Pictures excluded, reproduce exactly the lines below from the one with "花蓮縣生態推展協會代表花蓮水" through the one with "Одной из приоритетных", both included.

[RECORDS PROVIDED]

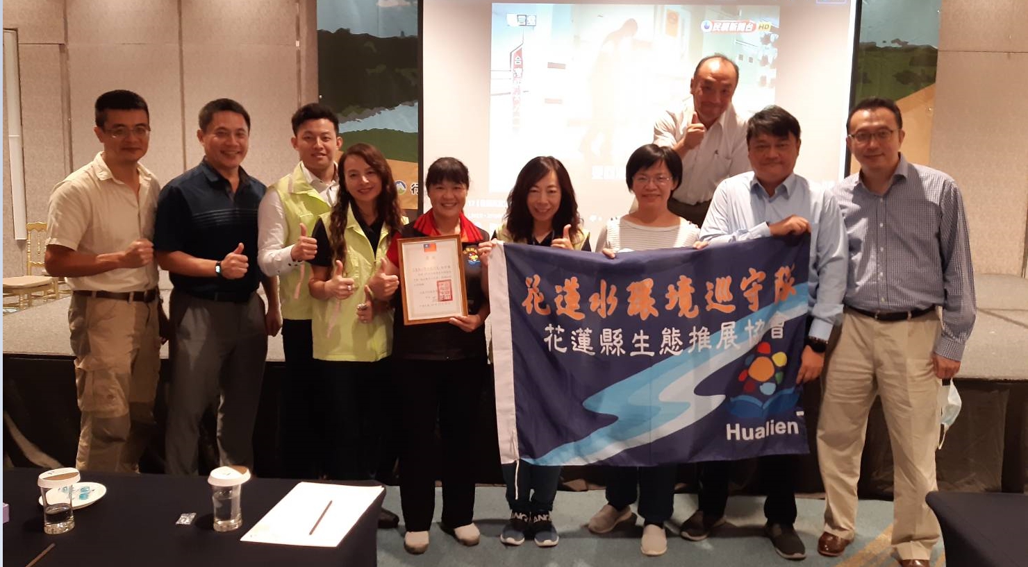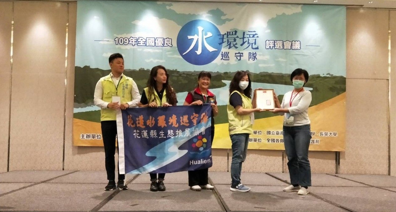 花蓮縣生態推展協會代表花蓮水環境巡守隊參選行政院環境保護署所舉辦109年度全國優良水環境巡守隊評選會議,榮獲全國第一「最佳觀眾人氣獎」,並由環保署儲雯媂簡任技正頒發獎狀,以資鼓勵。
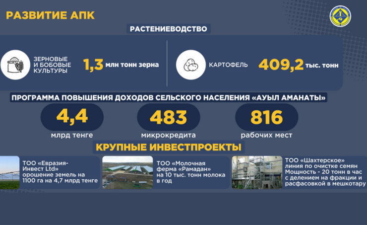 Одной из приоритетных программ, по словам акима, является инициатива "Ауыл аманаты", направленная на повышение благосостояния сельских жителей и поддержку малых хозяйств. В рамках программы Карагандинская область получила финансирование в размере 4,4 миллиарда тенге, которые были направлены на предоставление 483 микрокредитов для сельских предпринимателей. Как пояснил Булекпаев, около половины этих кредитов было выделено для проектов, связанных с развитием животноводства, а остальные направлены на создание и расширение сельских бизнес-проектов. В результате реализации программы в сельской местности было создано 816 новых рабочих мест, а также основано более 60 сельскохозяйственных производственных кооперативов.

[/RECORDS PROVIDED]
[RECORDS PROVIDED]

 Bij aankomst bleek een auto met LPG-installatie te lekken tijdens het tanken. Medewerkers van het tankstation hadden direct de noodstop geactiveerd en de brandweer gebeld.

[/RECORDS PROVIDED]

SOLUTION FOR THIS EXERCISE:
 花蓮縣生態推展協會代表花蓮水環境巡守隊參選行政院環境保護署所舉辦109年度全國優良水環境巡守隊評選會議,榮獲全國第一「最佳觀眾人氣獎」,並由環保署儲雯媂簡任技正頒發獎狀,以資鼓勵。
 Одной из приоритетных программ, по словам акима, является инициатива "Ауыл аманаты", направленная на повышение благосостояния сельских жителей и поддержку малых хозяйств. В рамках программы Карагандинская область получила финансирование в размере 4,4 миллиарда тенге, которые были направлены на предоставление 483 микрокредитов для сельских предпринимателей. Как пояснил Булекпаев, около половины этих кредитов было выделено для проектов, связанных с развитием животноводства, а остальные направлены на создание и расширение сельских бизнес-проектов. В результате реализации программы в сельской местности было создано 816 новых рабочих мест, а также основано более 60 сельскохозяйственных производственных кооперативов.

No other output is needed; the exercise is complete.